In mixed-criticality (MC) system, diverse application activities with various certification requirements (different criticality) can share a computing platform, where multicore processors have emerged as the prevailing computing engines. Focusing on the problem of resource access contention in multicore MC systems, we analyze the synchronization issues and blocking characteristics of the Multiprocessor Stack Resource Policy (MSRP) with both priority and criticality inversions among MC tasks being considered. We develop the first criticality-aware utilization bound under partitioned Earliest Deadline First (EDF) and MSRP by taking the worst case synchronization overheads of tasks into account.

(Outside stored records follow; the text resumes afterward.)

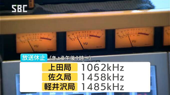 このあと午後1時から上田局の1062キロヘルツ、佐久局の1458キロヘルツ、軽井沢局の1485キロヘルツの放送が休止されます。
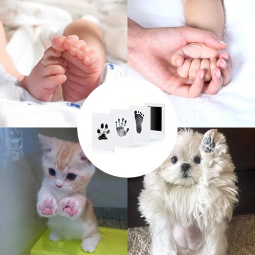 - [محتويات الصندوق]: وسادتا حبر و4 بطاقات، مناسبة للأطفال (0 - 6 أشهر) والقطط والكلاب الصغيرة والطيور الصغيرة.
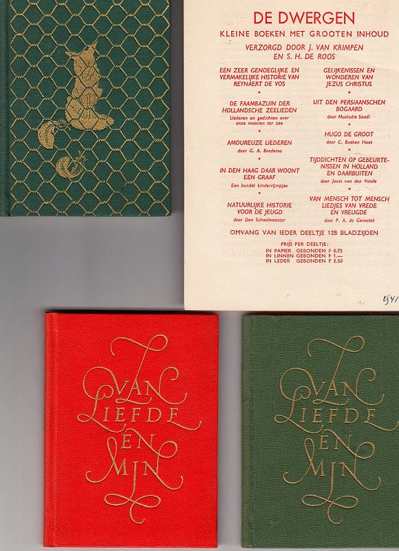 Voorts: Twee originele reclamefolders uit 1941: De Dwergen. Kleine boeken met grooten inhoud. Verzorgd door J. van Krimpen en S.H. de Roos. Reclamefolder. 22 x 8 cm. 4 p. Met kleine notitie in pen achterop: ‘najaar ’41’, en groen stempel van Boekhandel “Plus-Ultra” in Amsterdam.
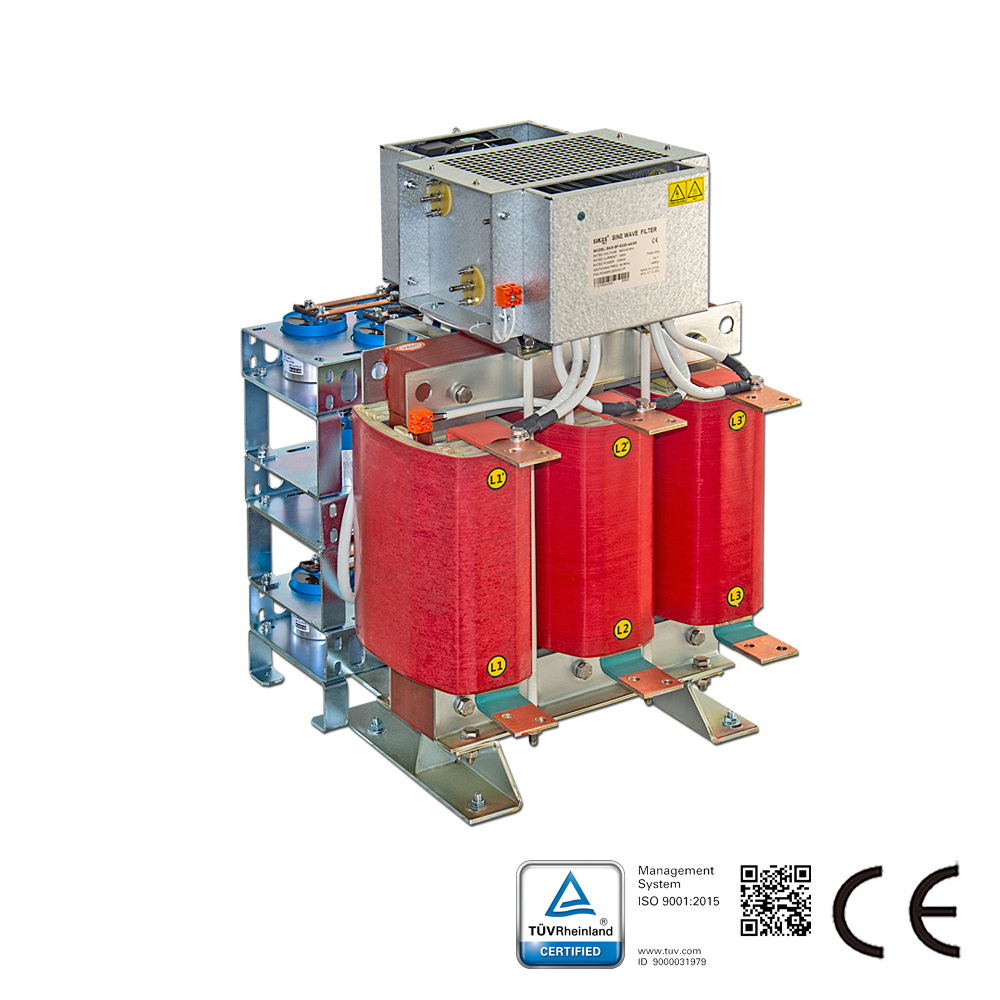 Los filtros de onda sinusoidal Sikes para varios servomotores de sistemas de variadores de velocidad (especialmente para inversores o fuentes de alimentación conmutadas), están diseñados para cambiar la tensión de salida PWM del inversor y generar una tensión casi sinusoidal. La serie pasiva está destinada para su uso en redes de 380v-480v.
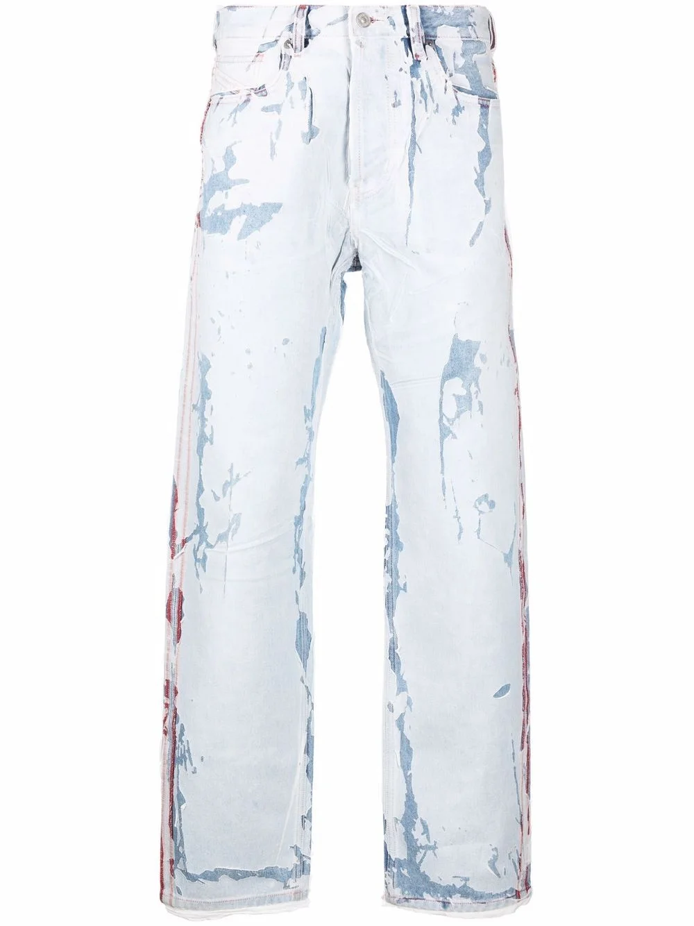 Peel-Off-Effect straight-leg jeans blue cotton distressed effect side stripe detailing logo patch to the rear straight leg belt loops front button and zip fastening classic five pockets Made in Italy Composition Cotton 100% SIZE & FIT Model measurements Height 6 ft 2 in(1.89 m) Bust/Chest 35.43 in(90 cm) Hips 36.61 in(93 cm) Waist 28.74 in(73 cm) FittingInformation This piece fits true to size. We recommend you get your regular size Cut for a slim fit Made with a mid-weight non-stretch fabric Washing instructions Hand Wash
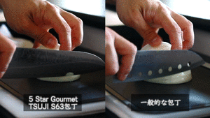 5 Star Gourmet TSUJI 包丁S63は、無駄な力をいれずに包丁の重さだけで、食材を切ることが出来ます。
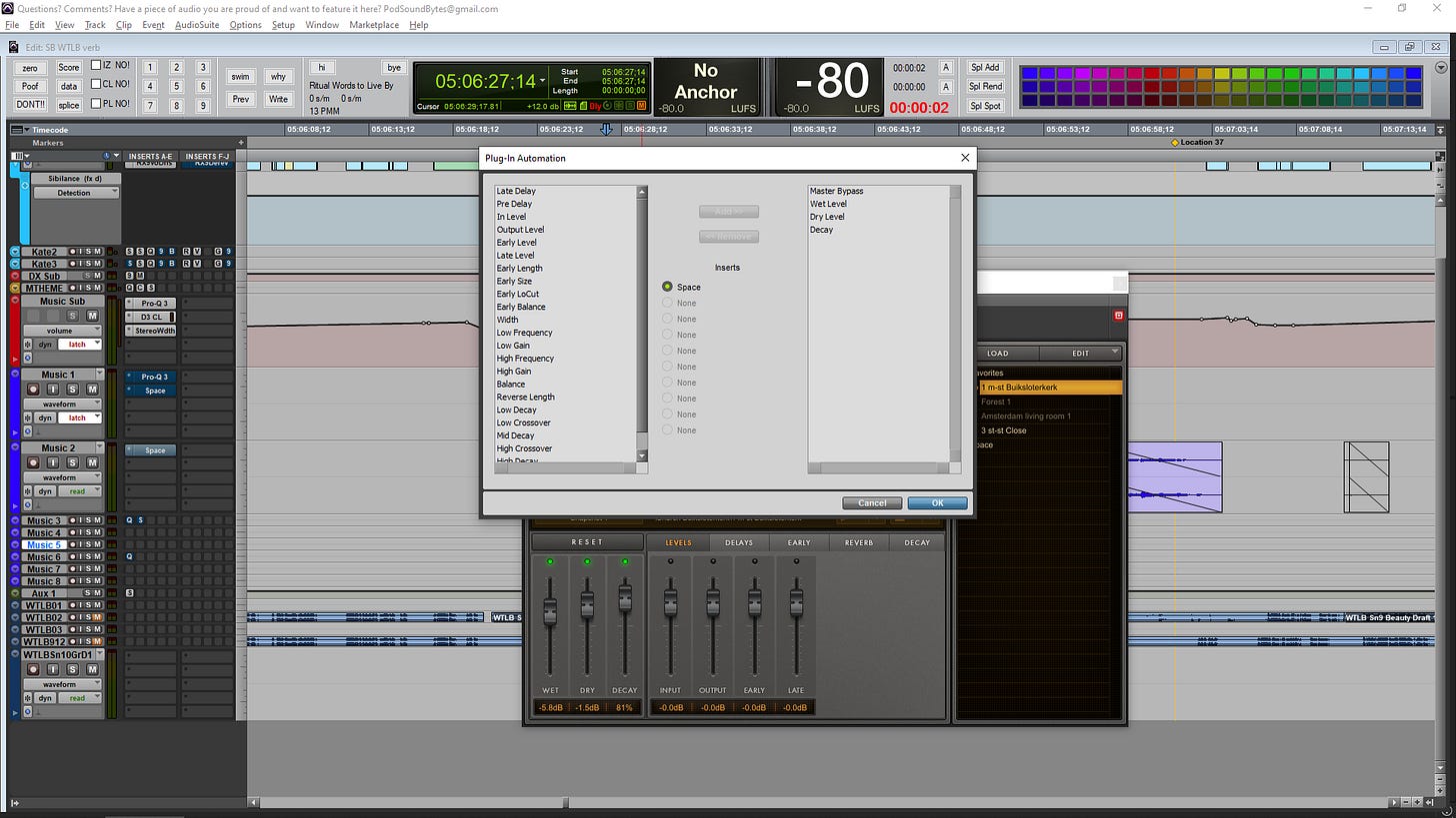 Before getting into the reverb effect, I also wanted to touch on dialogue pacing. I’ve learned a lot about pacing from these productions, and they have given me the courage to let other productions breathe more. We live in a world where everything is punchy and snappy, but I posit that there are people out there that want material that doesn’t treat the listener like a competitive eater at an all-you-can-eat media buffet. Everything I work on outside of Ritual is generally snappy and always moving but this is the type of show that actually requires dialogue that breathes.
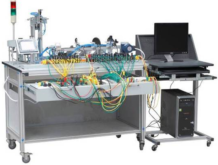 實(shí)訓(xùn)裝置由由鋁合金導(dǎo)軌式實(shí)訓(xùn)臺(tái)、典型的機(jī)電一體化設(shè)備的機(jī)械部件、PLC模塊、變頻器模塊、按鈕模塊、電源模塊、模擬生產(chǎn)設(shè)備實(shí)訓(xùn)模塊、接線端子排和各種傳感器、計(jì)算機(jī)等組成。整體結(jié)構(gòu)采用開(kāi)放式和拆裝式,實(shí)訓(xùn)裝置用于機(jī)械部件組裝,可根據(jù)現(xiàn)有的機(jī)械部件組裝生產(chǎn)設(shè)備,也可添加機(jī)械部件組裝其他生產(chǎn)設(shè)備,使整個(gè)裝置能夠靈活的按教學(xué)或競(jìng)賽要求組裝具有生產(chǎn)功能的機(jī)電一體化設(shè)備。模塊采用標(biāo)準(zhǔn)結(jié)構(gòu)和抽屜式模塊放置架,互換性強(qiáng);同時(shí)還要求具有可拓展功能,可以組成更加大型的生產(chǎn)模擬系統(tǒng),以配合各個(gè)用戶學(xué)校不同層次,不同專業(yè)的教學(xué)及培訓(xùn)要求。
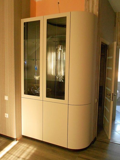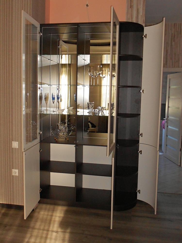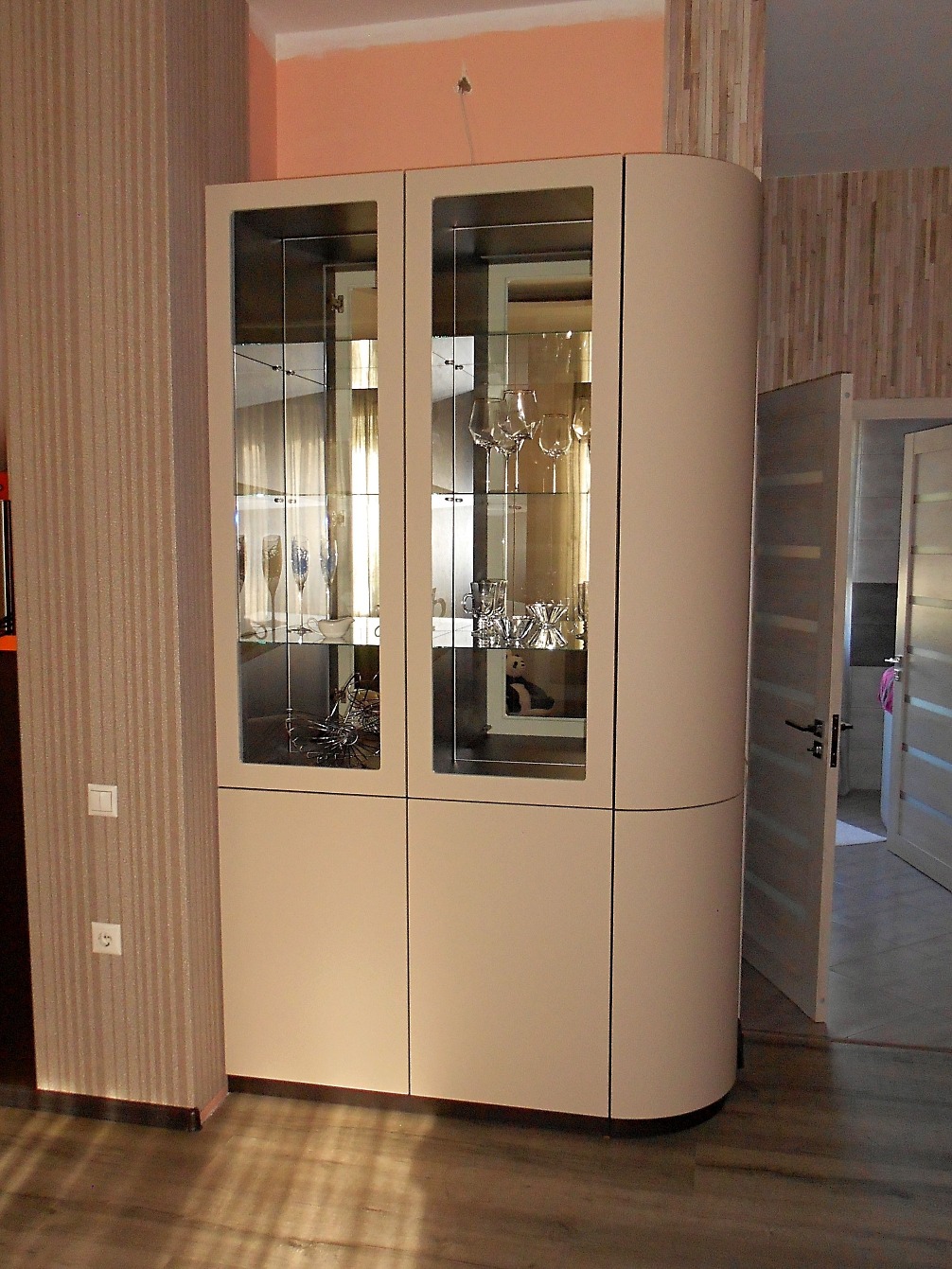 Симпатичный распашной шкаф- витрина в гостиную коттеджа. Фасады в пленке ПВХ супер мат. "Мыльная" поверхность пленки отлично моется. В зоне стеклянных фасадов полки из стекла и светодиодная подсветка. Открывание фасадов- толкатели Пуш.
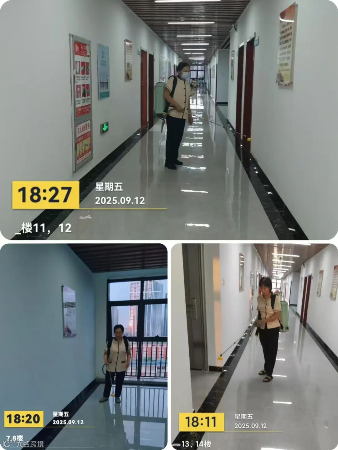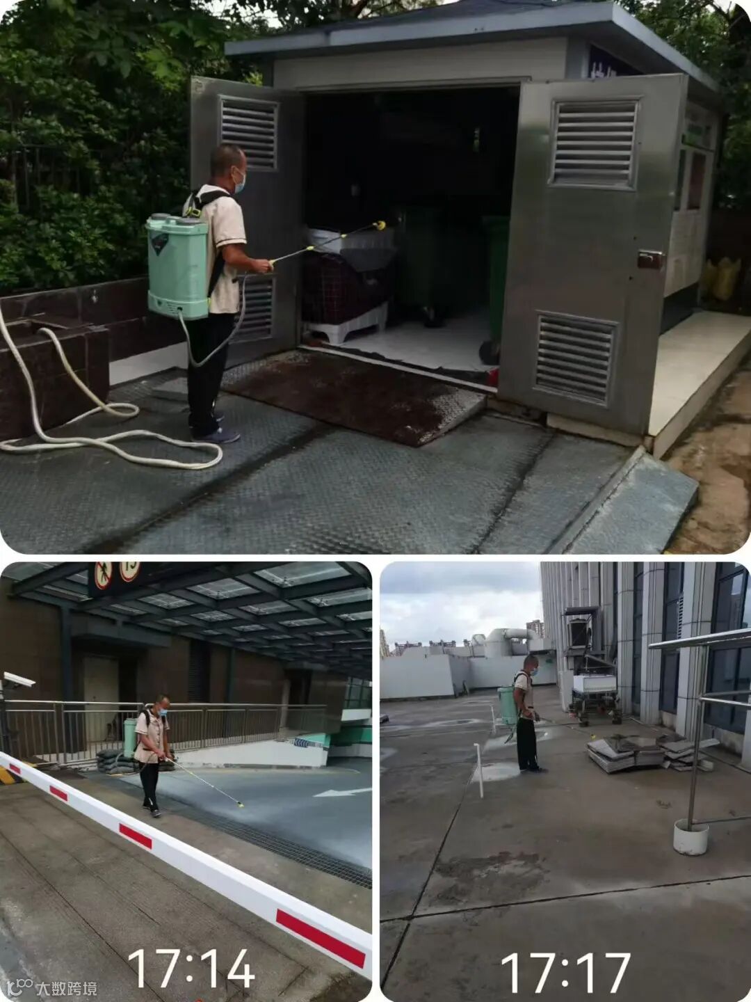 疫情以来,保洁部已将防蚊灭蚊工作纳入常态化管理,对大厦的各楼层通道、卫生间、垃圾房、停车场等公共区域进行“地毯式”喷洒,确保蚊虫防控不松懈。
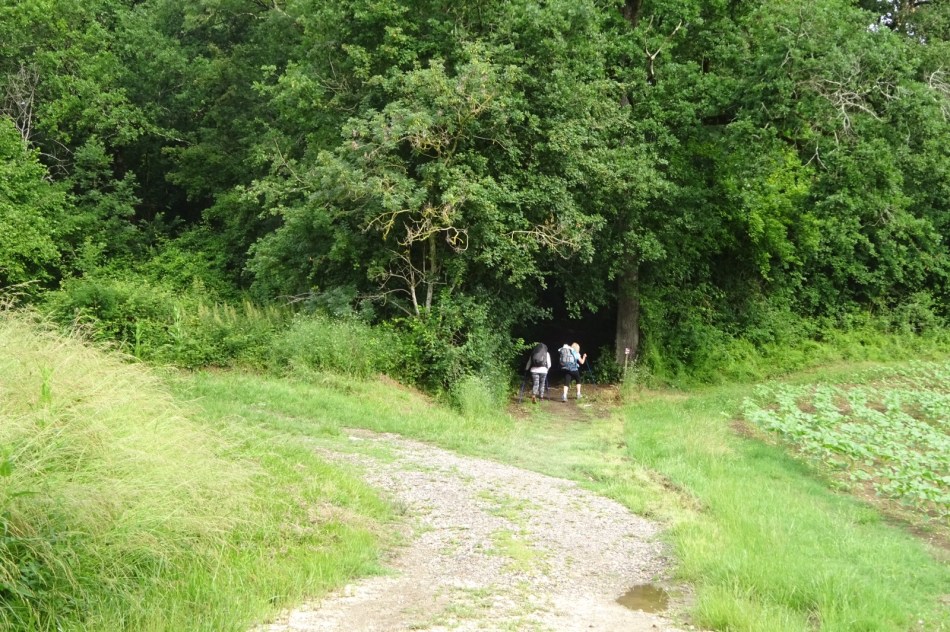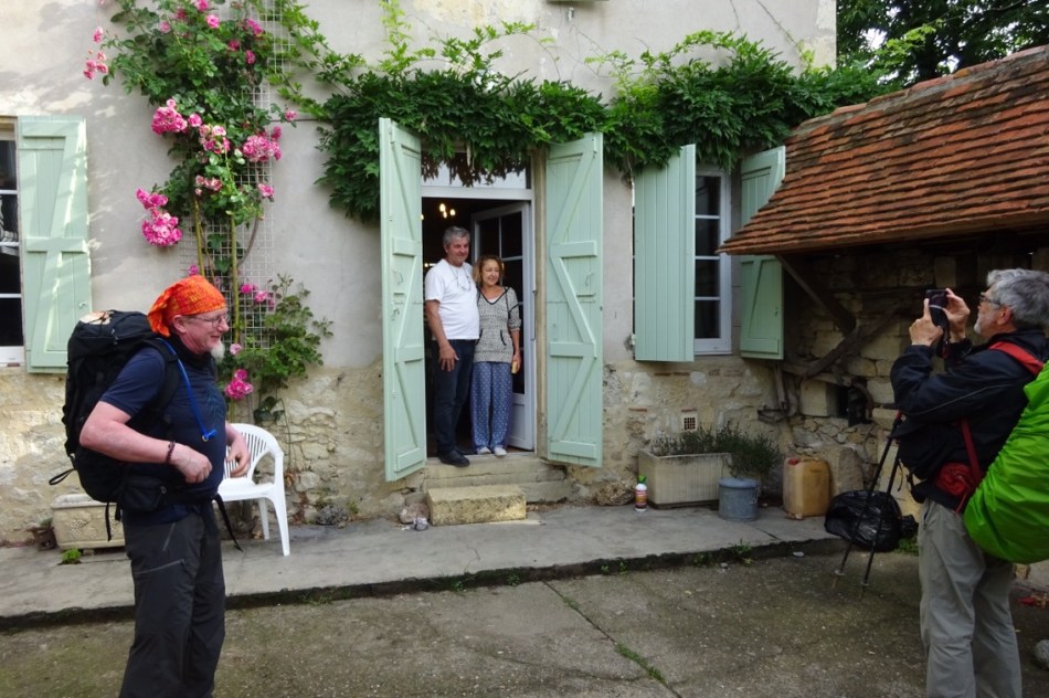 If I hadn’t made a reservation I’m sure I wouldn’t have chosen last night’s chambre d’hote. But in the event it set me up for another memorable evening. Soon after our arrival the rain started and continued for the rest of the night. Water drained through all sorts of unlikely places in the house. The owner booked us a table for 4 in the little wooden shack which served as the only restaurant in the village. It was fortunate as he had already reserved a large table for his own family and friends and the place was filled by one other booking. Less fortunate pilgrims were turned away.

The non-monotonicityof the bound where it may decrease when more cores are deployed is identified, which can cause anomalies in the feasibility tests. With the objective to improve system schedulability, a novel criticality-cognizant and resource-oriented analysis approach is further studied to tighten the bound on the synchronization overheads for MC tasks scheduled under partitioned EDF and MSRP. The simulation results show that the new analysis approach can effectively reduce the blocking times for tasks (up to 30 percent) and thus improve the schedulability ratio (e.g., 10 percent more). The actual implementation in Linux kernel further shows the practicability of partitioned-EDF with MSRP (with run-time overhead being about 3 to 7 percent of the overall execution time) for MC tasks running on multicores with shared resources.